Léon de Lépervanche (21 November 1907 – 14 November 1961) was a Reunionese communist politician, trade unionist and journalist who is known as one of the fathers of departmentalization of the Réunion island alongside Raymond Vergès.

== Biography ==
Lépervanche was born in to a mid-upper-class family, nevertheless held a modest position in the Port de La Réunion railways from 1923 and was one of the main trade union leaders on the island. As a chief postman, he was dismissed after the strikes of August 1938, then in 1940-1942 he was subjected to Petain's security checks for two years. His convictions led him in 1941 before the Special Criminal Court set up in Saint-Denis by the Vichy regime.

After his release, he organized support for the Free France Forces, and following the liberation of Saint-Denis by 80 French troops from the destroyer Léopard on 28 November 1942, he took possession of the Hôtel de Ville.

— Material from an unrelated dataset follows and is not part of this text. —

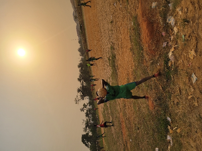 A soccer field is captured during golden hour. A player in green shorts and jersey balances a soccer ball on his head. Other players are scattered across the field. A few trees are visible in the background. Trash is strewn on the field's edges. The sunset casts a warm glow over the scene.

He was a founder of the newspaper Le Communiste in 1944 and its director until 1945, deputy from November 1946 to June 1951 alongside Raymond Vergès, he acted in concert with the latter, finding the support of the deputy of Martinique Aimé Césaire in favor of the "departmentalization" of the colonies of America and Reunion, adopted on March 19, 1946. His role earned him the title of "father of departmentalization".

He was mayor of the Port from 1945 until his death in 1961.